● **The input**
****************

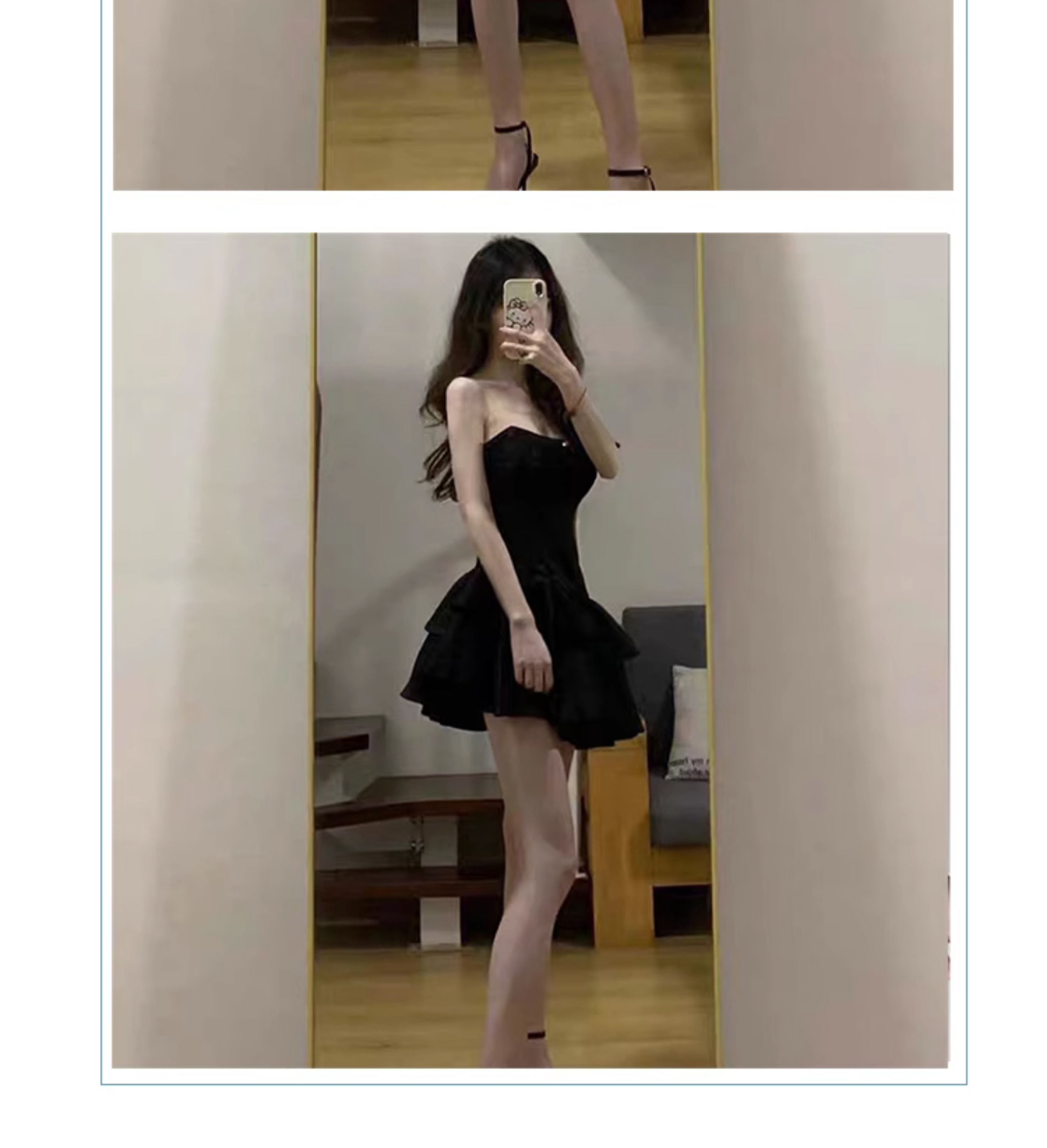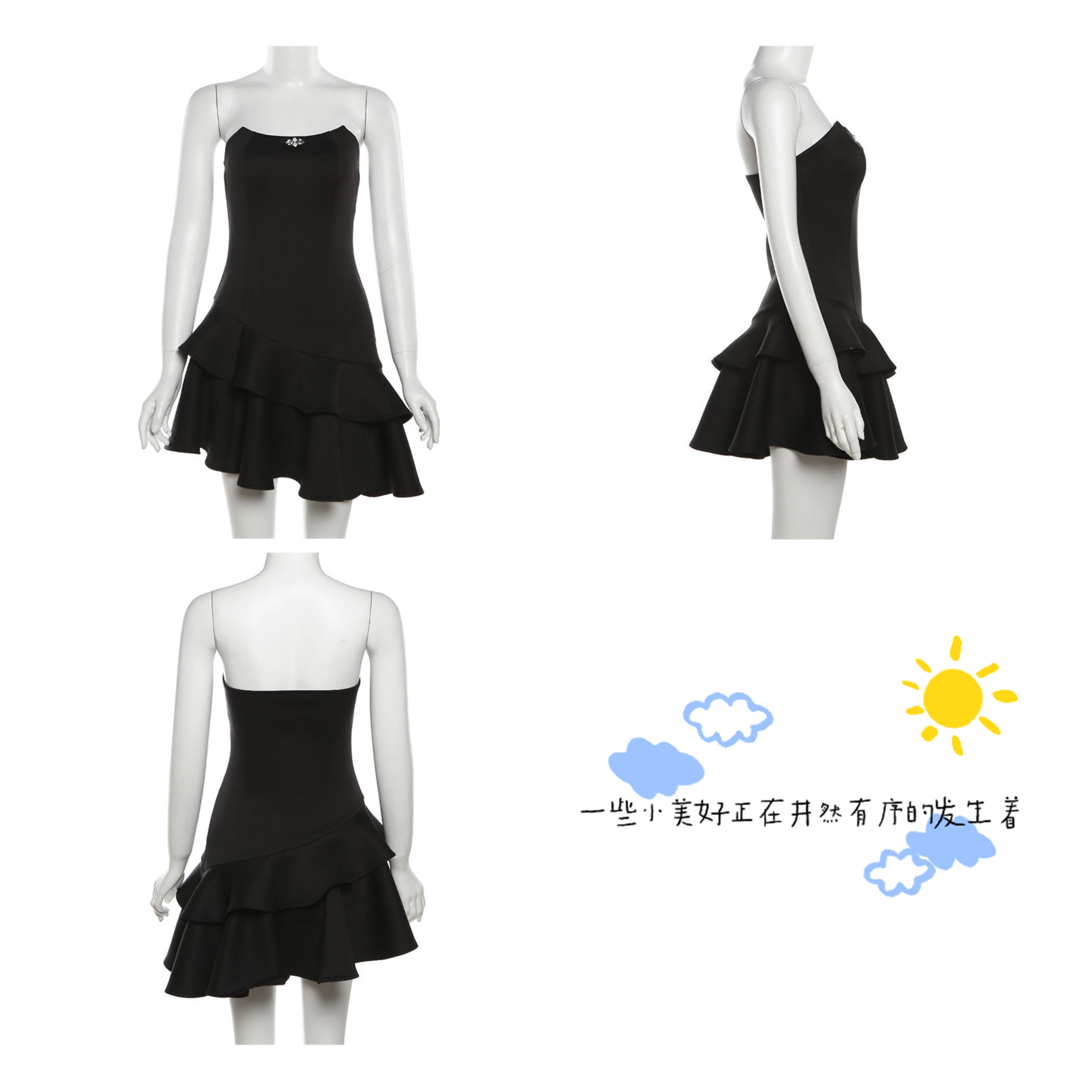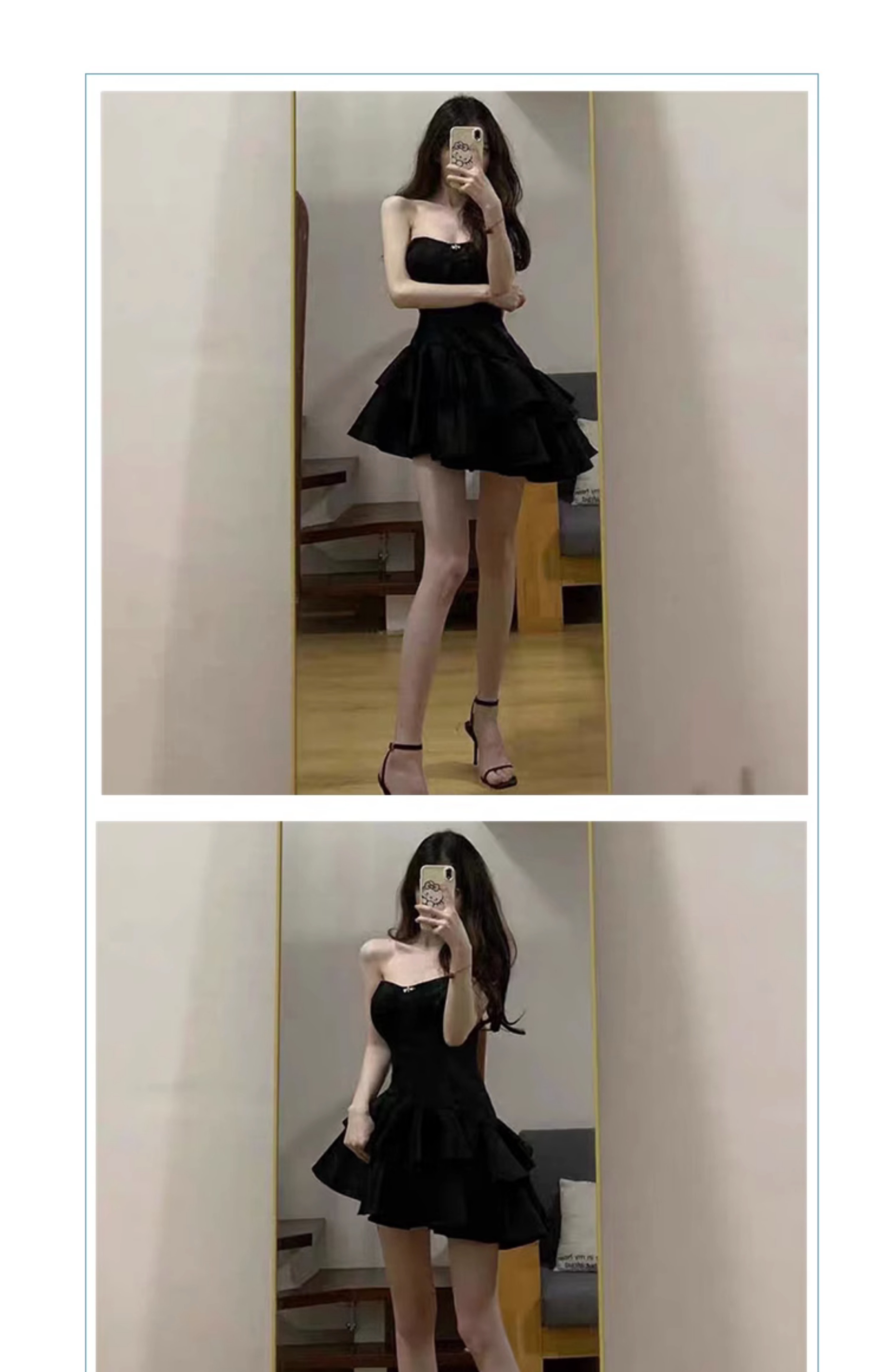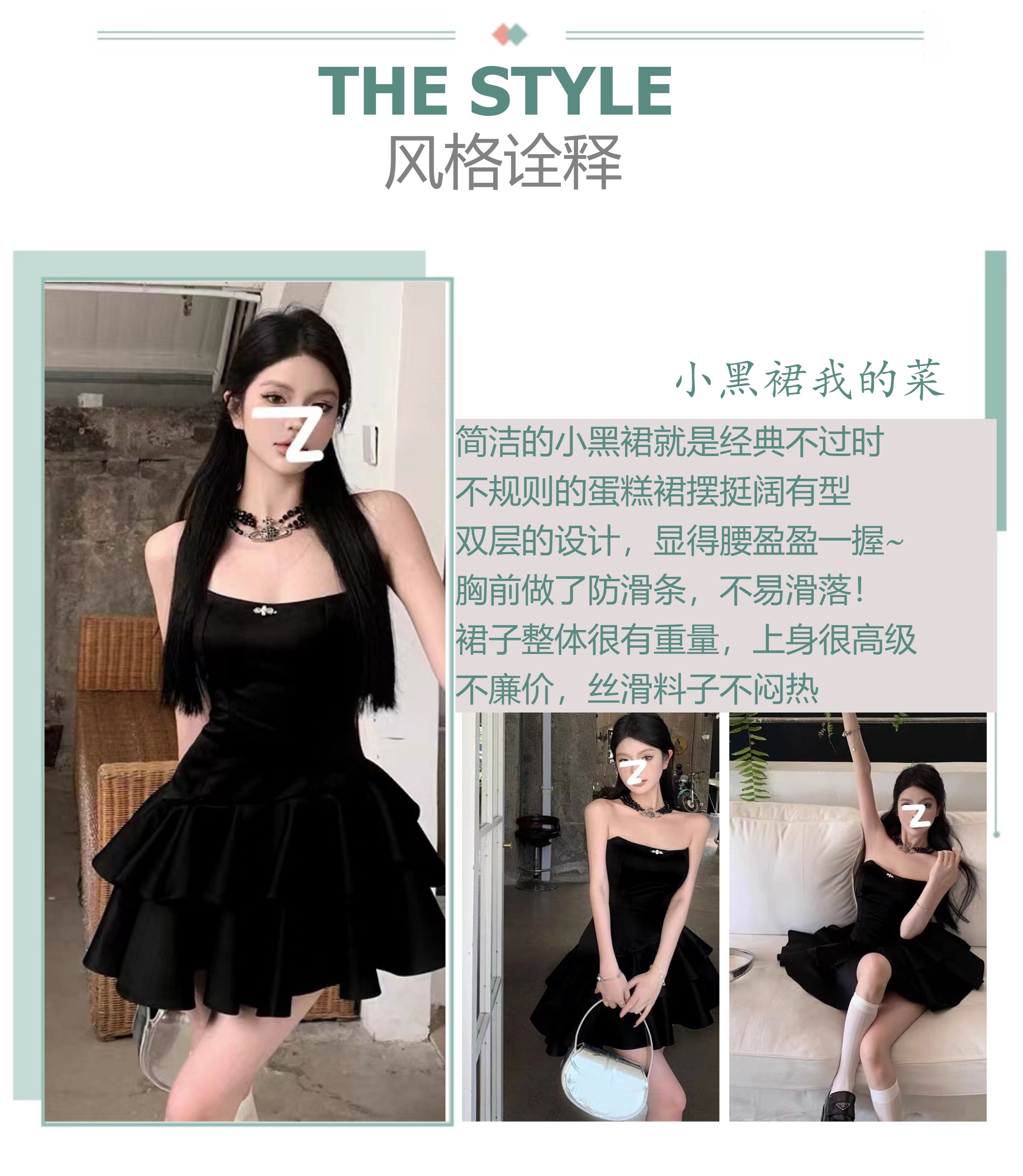 SPICY 氣質黑色連衣裙女高級感抹胸生日小禮服不規則蛋糕裙蓬蓬裙
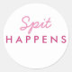 pegatina de Baby Shower "Spit Happens" en rosa y blanco
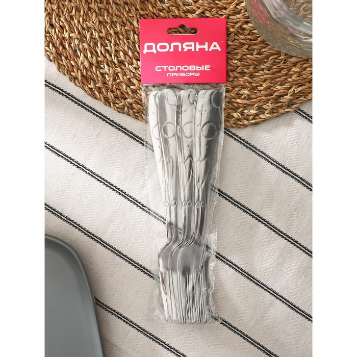 Набор столовых вилок Доляна «Бабл» имеет классический силуэт и четкие контуры. Гладкие отполированные до зеркального блеска ручки приятно держать в руке. Каждый предмет имеет средний вес и размер, на ручках интересный дизайн. Зубья вилок достаточно длинные, чтобы выглядеть элегантно, но при этом они удобны для использования.
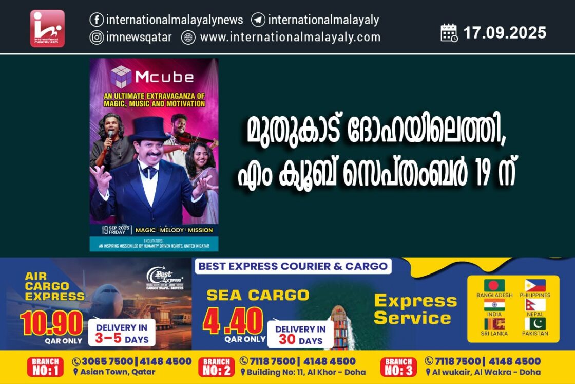 ദോഹ. മാജികും സംഗീതവും മോട്ടിവേഷനും സമന്വയിപ്പിച്ച് പ്രശസ്ത മാന്ത്രികനും സാമൂഹ്യ പ്രവര്ത്തകനുമായ ഗോപിനാഥ് മുതുകാടും സംഘവും അവതരിപ്പിക്കുന്ന എം ക്യൂബ് സെപ്തംബര് 19 ന് ദോഹ മോഡേണ് ഇന്ത്യന് സ്കൂള് ഓഡിറ്റോറിയത്തില് നടക്കും.
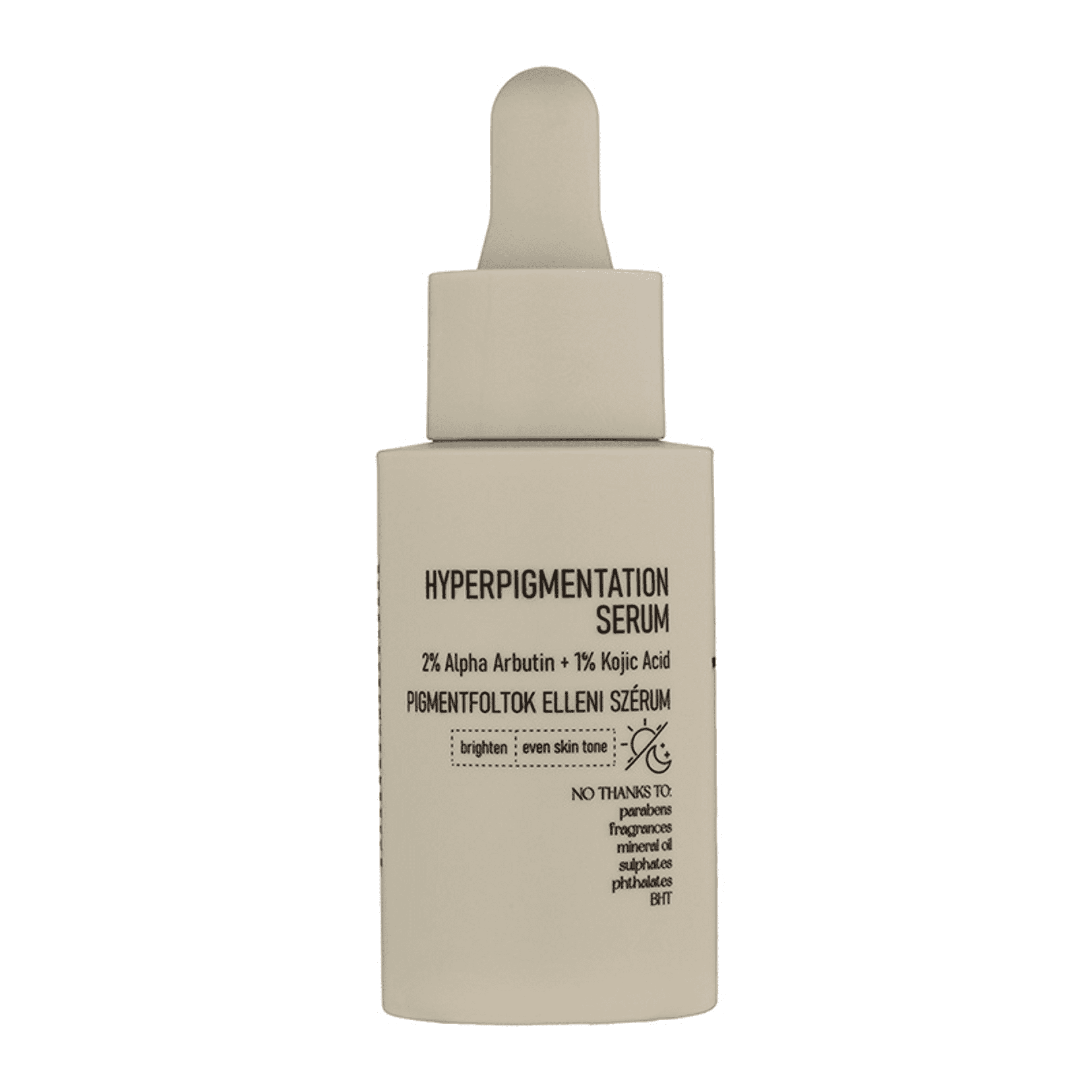 Hatékony összetevőinek, a 2% Alpha Arbutin és a 1% Kojicsav kombinációjának köszönhetően, ez a könnyű tejszerű szérum hatékonyan harcol a bőrön megjelenő sötét foltok ellen. Az Alpha Arbutin segít csökkenteni a bőrben található melanin termelését, így világosabbá téve a foltokat. A Kojicsav pedig kiválóan alkalmas a bőr pigmentációjának kiegyenlítésére és a foltok elhalványítására. Ez a szérum rendszeres használat mellett segíthet egyenletesebbé és ragyogóbbá tenni a bőrt, miközben csökkenti a pigmentációs problémák láthatóságát. Minden bőrtípusra alkalmas. 100%-ban illatmentes, alkohol-mentes, nem-komedogén formula.
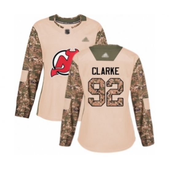 Women's New Jersey Devils #92 Graeme Clarke Authentic Camo Veterans Day Practice Hockey Jersey
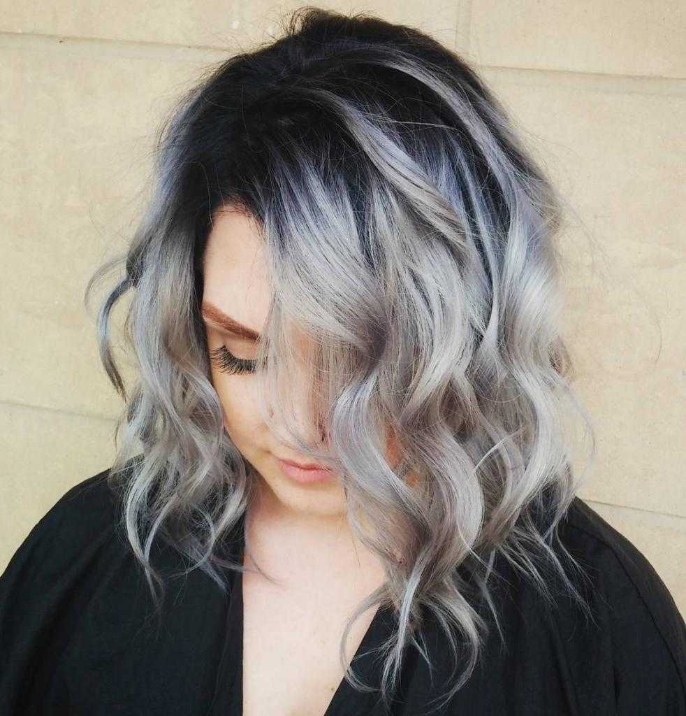 Контрастное серое. Девушки с темными локонами выбирают вариант, создавая переход в темно-серые, седые корни. Здесь разрешается добавить немного голубых или фиолетовых оттенков.
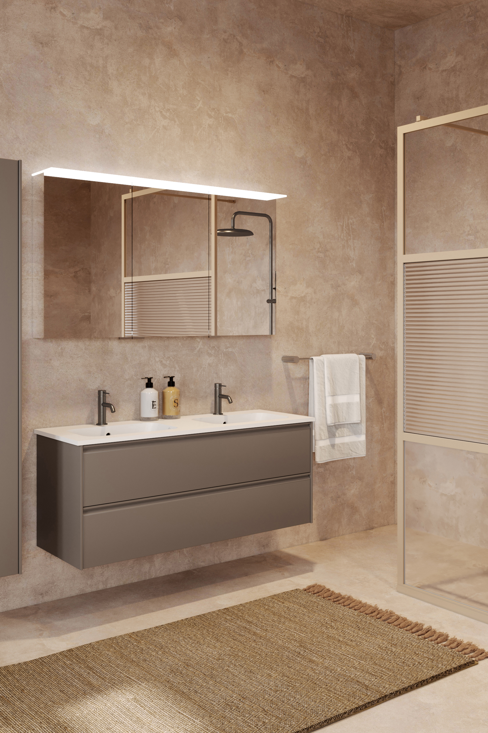 Luna is a minimalistic and modern vanity unit. Unit is provided with two spacious drawers with anti-slip mats and integrated metal handles. Simplified ceramic twin basin has a very low profile and stands out only 18mm from above the cabinet. A siphon set is included in the product with a chrome plated plastic bottom plug.
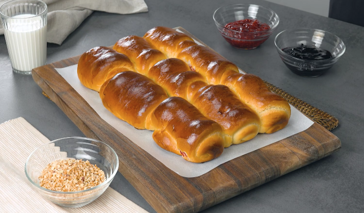 Jeder hat sie schon einmal im Supermarkt gekauft: Milchbrötchen. Doch sie sind meist in viel Plastik eingepackt und es gibt keine unterschiedlichen Geschmacksrichtungen. Deswegen haben wir selbst welche gemacht. Und zwar mit Marmeladen- und Nussfüllung. Diese Milchbrötchen sind perfekt für den süßen Snack zwischendurch, für das süße Frühstück oder für die Pause in der Schule.
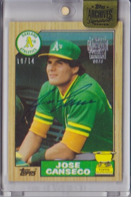 I had a few favorites of the time in Eric Davis, Jesse Barfield, Ryne Sandberg, and most of all Canseco.. When the reprint autos became popular in 2001 with Archives and Donruss recollections, it opened up the possibility of owning autos of the stars I watched on at worst, a reprint of an 80s card, at best an actual rookie card. Eventually Archives became a staple, Recollections came and went and came back with Panini, Topps added Fan Favorites, Originals and the recent Archives Signature Series, and even Leaf came out with 2013 Memories autos. There's no Harper's, or Trout's or Correa's, but I hope the fans of 1980s baseball enjoy. So, here we go. Hope the pics show ok. Mattingly 2001 Archives Sandberg 2001 Archives (one of my favorites since I watched a ton of Cubs games on WGN) ![]() More a star of the 70s than the 80s but whatever. Bench 2001 Team Topps Legends Gwynn 2002 Diamond Kings Recllections ![]() Bo 2002 Archives ![]() Kirby 2002 Archives (one of my favorite cards) ![]() Mr Beane 2004 Fan Favorites. Definitely not a star of the 80s but I thought it was a a cool card. ![]() Barfield 2004 Originals ![]() Hit King 2013 Leaf Memories (took me a while to find one of Pete) ![]() Clemens 2013 Leaf Memories RC ![]() Canseco 2013 Leaf Memories ![]() Will Clark 2013 Archives ![]() 2014 Recollections Autographs was a good release for me. McGriff RC ![]() Canseco RC ![]() Joe Carter RC ![]() Boggs RC ![]() Eric Davis RC ![]() Gooden RC ![]() Canseco 2014 Archives ![]() And we will finish off with 2015 Archives Signature Series Strawberry ![]() Canseco ![]() Not an 80s card, but its Canseco so that's good enough for me ![]() There's still a ton of guys to go for (Trammell, Dale Murphy, Brett, Yount, Whittaker, Schmidt etc etc etc comes to mind), but in due time. |

****************

● **Exercise aim**
Reproduce verbatim the lines of the material above, beginning with its first line and ending with the line that contains "Контрастное серое. Девушки"; skip pictures.

● **Solution**
 SPICY 氣質黑色連衣裙女高級感抹胸生日小禮服不規則蛋糕裙蓬蓬裙
 pegatina de Baby Shower "Spit Happens" en rosa y blanco
 Набор столовых вилок Доляна «Бабл» имеет классический силуэт и четкие контуры. Гладкие отполированные до зеркального блеска ручки приятно держать в руке. Каждый предмет имеет средний вес и размер, на ручках интересный дизайн. Зубья вилок достаточно длинные, чтобы выглядеть элегантно, но при этом они удобны для использования.
 ദോഹ. മാജികും സംഗീതവും മോട്ടിവേഷനും സമന്വയിപ്പിച്ച് പ്രശസ്ത മാന്ത്രികനും സാമൂഹ്യ പ്രവര്ത്തകനുമായ ഗോപിനാഥ് മുതുകാടും സംഘവും അവതരിപ്പിക്കുന്ന എം ക്യൂബ് സെപ്തംബര് 19 ന് ദോഹ മോഡേണ് ഇന്ത്യന് സ്കൂള് ഓഡിറ്റോറിയത്തില് നടക്കും.
 Hatékony összetevőinek, a 2% Alpha Arbutin és a 1% Kojicsav kombinációjának köszönhetően, ez a könnyű tejszerű szérum hatékonyan harcol a bőrön megjelenő sötét foltok ellen. Az Alpha Arbutin segít csökkenteni a bőrben található melanin termelését, így világosabbá téve a foltokat. A Kojicsav pedig kiválóan alkalmas a bőr pigmentációjának kiegyenlítésére és a foltok elhalványítására. Ez a szérum rendszeres használat mellett segíthet egyenletesebbé és ragyogóbbá tenni a bőrt, miközben csökkenti a pigmentációs problémák láthatóságát. Minden bőrtípusra alkalmas. 100%-ban illatmentes, alkohol-mentes, nem-komedogén formula.
 Women's New Jersey Devils #92 Graeme Clarke Authentic Camo Veterans Day Practice Hockey Jersey
 Контрастное серое. Девушки с темными локонами выбирают вариант, создавая переход в темно-серые, седые корни. Здесь разрешается добавить немного голубых или фиолетовых оттенков.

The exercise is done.